RECORDS Start Marker

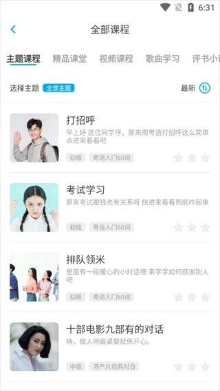 有趣的场景课程闯关:我们精心编排了旅游问路、逛街购物、广式美食等专题课程,还融入了经典港片古惑仔系列、警匪系列等内容,学习从词汇、句子再到对话,层层递进,闯关的形式让学习更具动力。
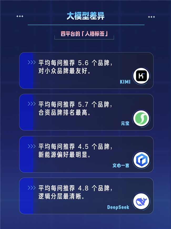 報(bào)告同時(shí)揭示了不同AI平臺(tái)的品牌偏好差異:Kimi平均每問推薦5.6個(gè)品牌,偏好小眾品牌;文心一言更傾向推薦新能源品牌;DeepSeek邏輯分層清晰,元寶生成結(jié)果中合資品牌排名更高。這種平臺(tái)差異,也為品牌精準(zhǔn)布局AI傳播提供了參考依據(jù)。
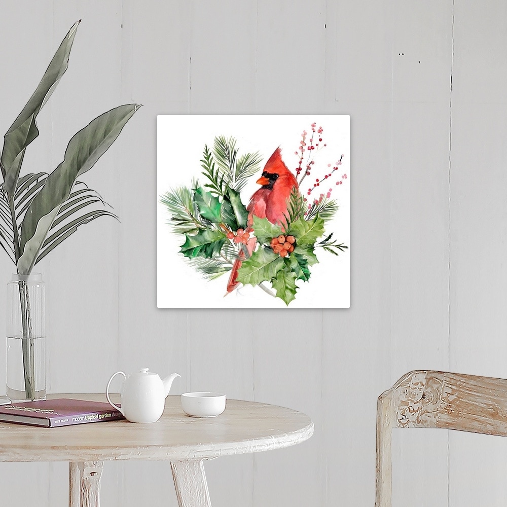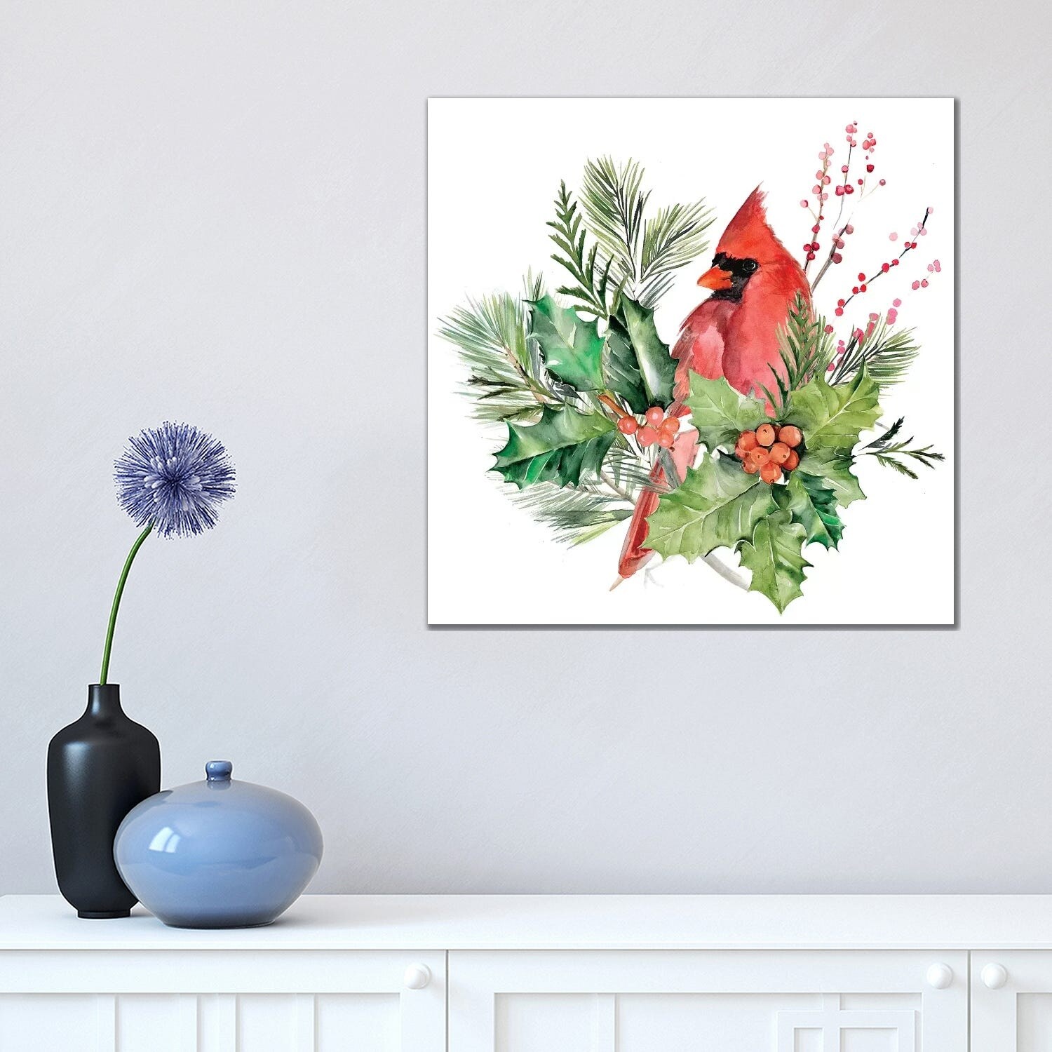 "Cardinal Holly Christmas I" Canvas Wall Art
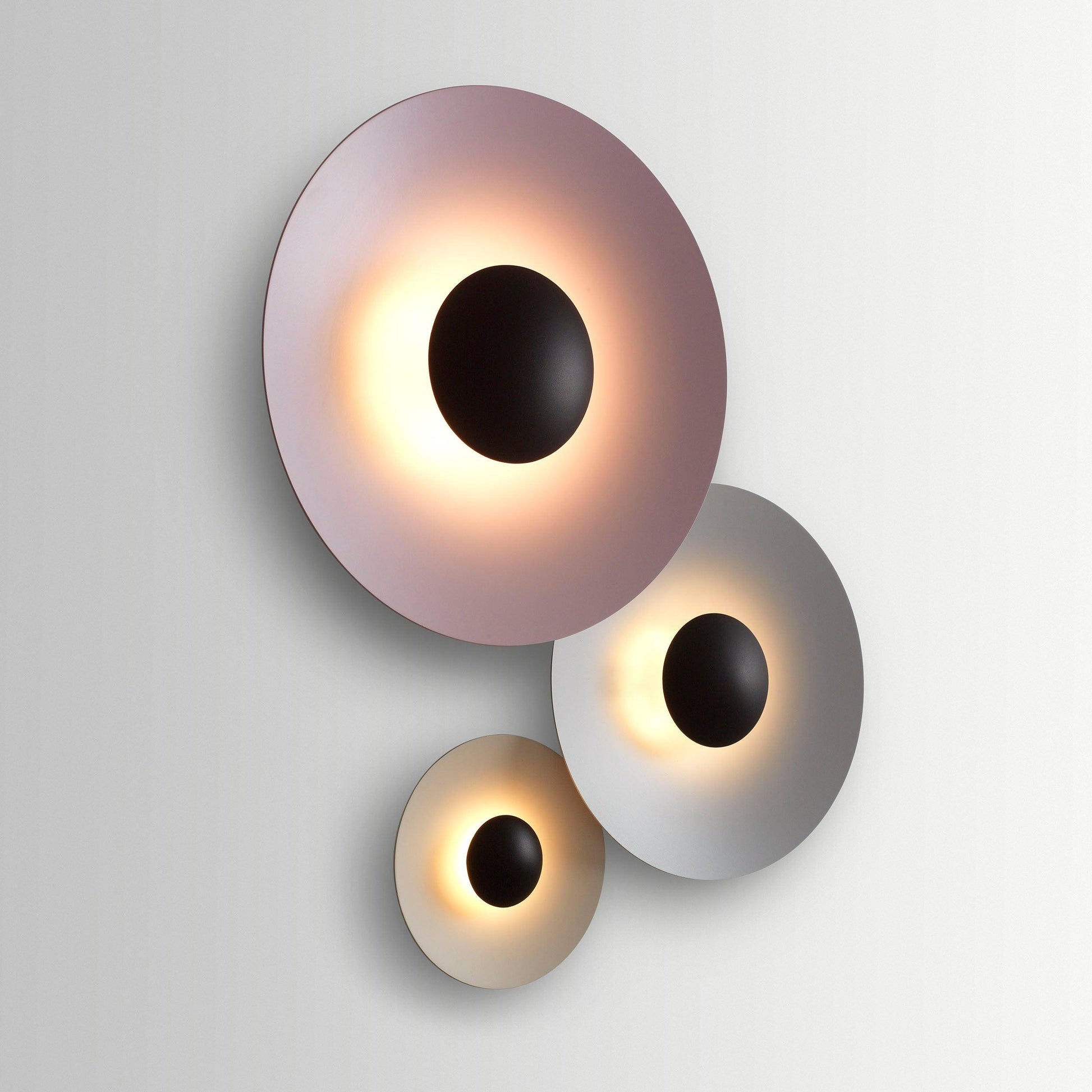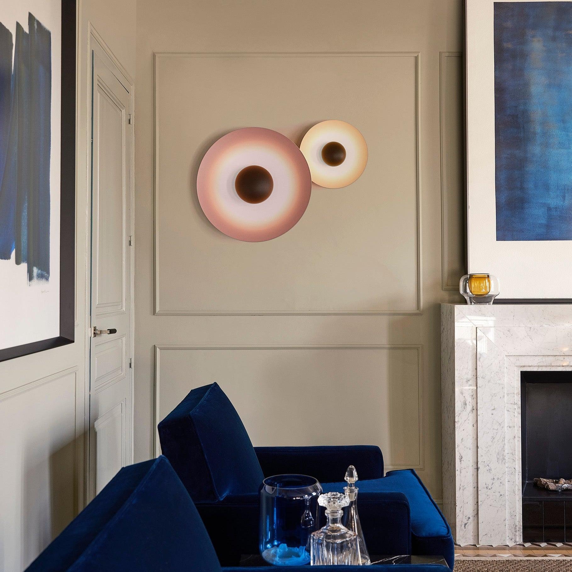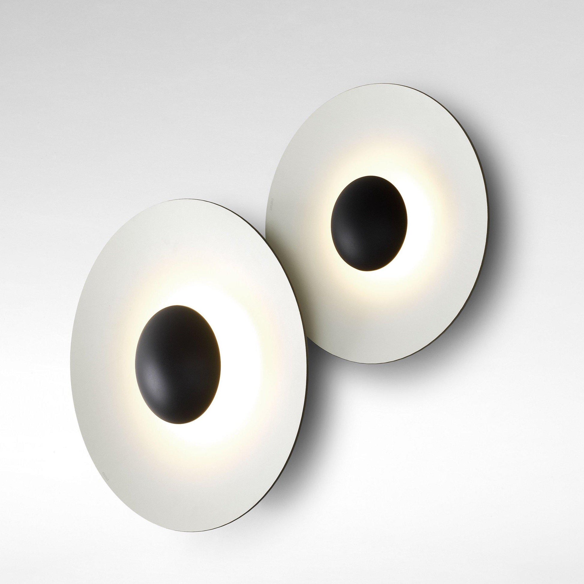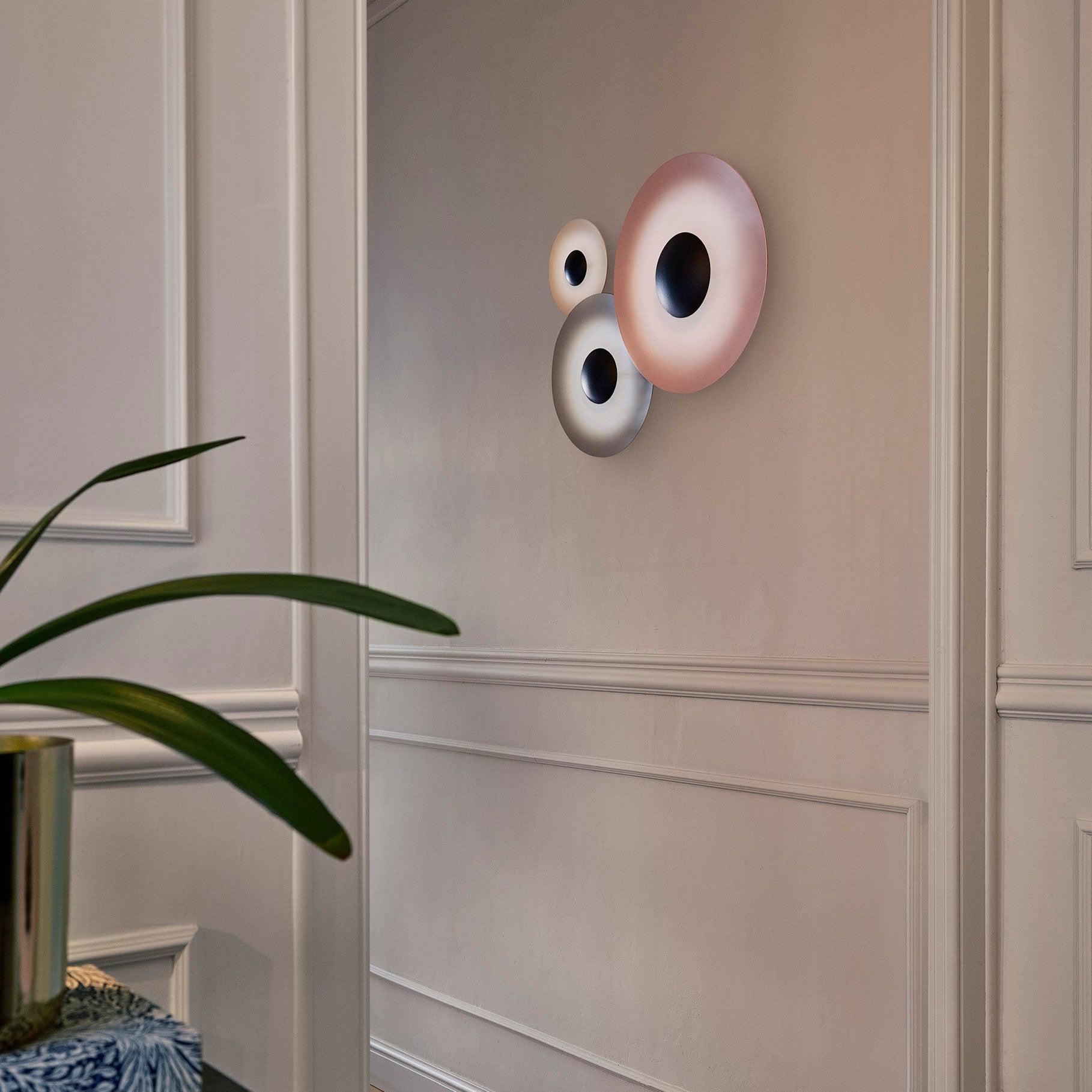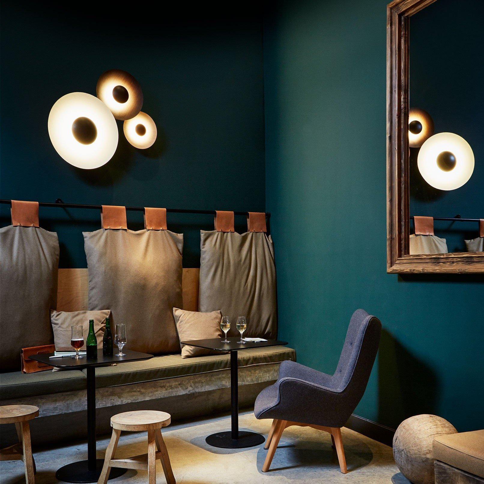 L'applique murale/plafonnier Ginger de Marset peut être installée en ensemble pour former un objet statique, presque artistique, des cercles où la finition métallique est lisse au toucher et agréable à l'œil.
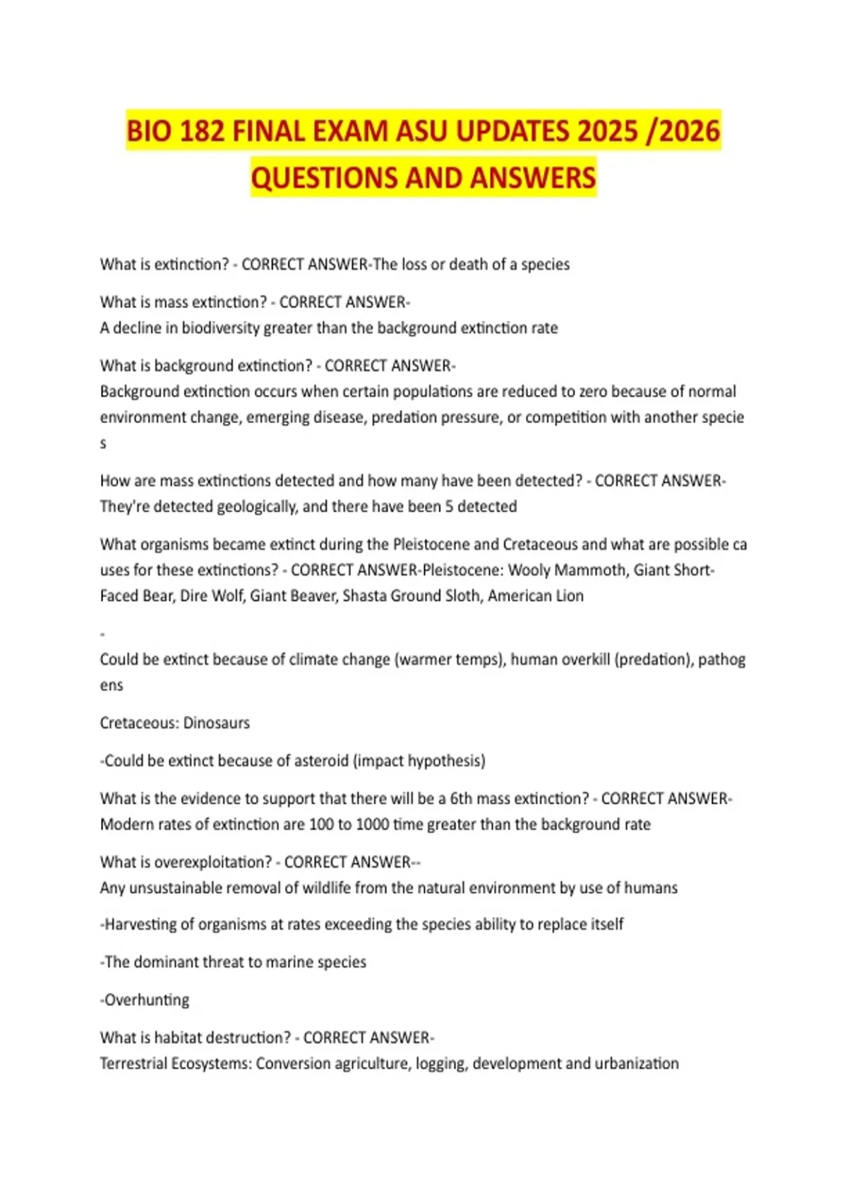 BIO 182 FINAL EXAM ASU UPDATES 2026 CORRECT QUESTIONS AND VERIFIED ANSWERS
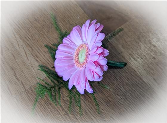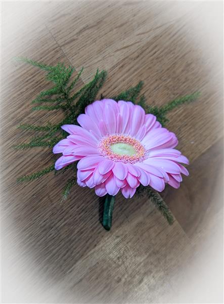 A beautiful Gerbera Daisy, available in many colours, with a subtle foliage accent supplied ready to wear with a fixing pin.

RECORDS End Marker

Pictures are to be left out, and the lines from the beginning of the records through the line with "Canvas Wall Art" are to be printed exactly, with nothing added.

- _OUTPUT OF THE TASK_:
 有趣的场景课程闯关:我们精心编排了旅游问路、逛街购物、广式美食等专题课程,还融入了经典港片古惑仔系列、警匪系列等内容,学习从词汇、句子再到对话,层层递进,闯关的形式让学习更具动力。
 報(bào)告同時(shí)揭示了不同AI平臺(tái)的品牌偏好差異:Kimi平均每問推薦5.6個(gè)品牌,偏好小眾品牌;文心一言更傾向推薦新能源品牌;DeepSeek邏輯分層清晰,元寶生成結(jié)果中合資品牌排名更高。這種平臺(tái)差異,也為品牌精準(zhǔn)布局AI傳播提供了參考依據(jù)。
 "Cardinal Holly Christmas I" Canvas Wall Art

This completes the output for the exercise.